I think we can clearly see the unpredictable flux of events that makes up worldly life. Look at France these last nine days. The racial situation there has been a powder keg waiting for ignition. Ethnic, class, ideological, racial struggles are universal. They work themselves out only to be re-created. We are all guilty. The imperialistic attempt of America is a speck in the continuing attempt of one group to dominate another. From within the family, to the tribe, to the states, to the countries, we are in it together. Many of these poor countries being invaded and dominated have some of the most vicious internal warfare imaginable.
No matter how it happens, the fall of the top in this country is here. I think it will increase in the next 20 years. As this unfolds, the rebuilding from the bottom up is on deck, as good local government becomes vital. I’m already turning my attention to this, especially as a result of my state’s sensible election.(52-48, jj).
The power struggle between the elites and the commoners has never been won. There is an overall equilibrium in the dynamic, as one can’t exist without the other. The commoners labor and the elites provide the goods the people desire and demand. All events move in an attempt to maintain equilibrium. There won’t be a victor.
A couple of years ago, I withdrew all my investments in the stock market and put the bread into local grass roots business. It has changed everything and given me a boost of independence, control, and power that was unforseen in its magnitude. And it has diminished my guilt.
I couldn’t complain any longer about unethical corporations and still have money going into them.

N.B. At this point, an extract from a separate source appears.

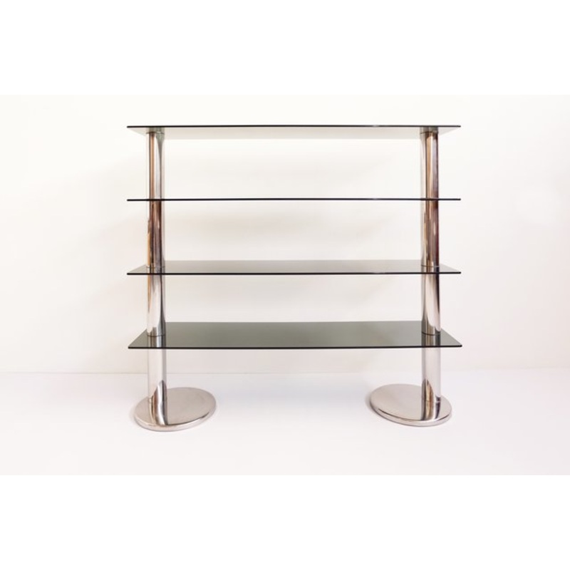 – Italian bookshelf in chromed metal and smoked glass

And I refused to voluntarily contribute to the manufacture of weapons and pharmaceuticals.
As long as we consume their products and contribute to their growth, they will flourish. We’re stuck in many ways, but we have ways out as well, if we really put ourselves into it.
There will be many, many opportunities arising as seeds are planted and sown in communities all over the country. The problems are begging to be fixed.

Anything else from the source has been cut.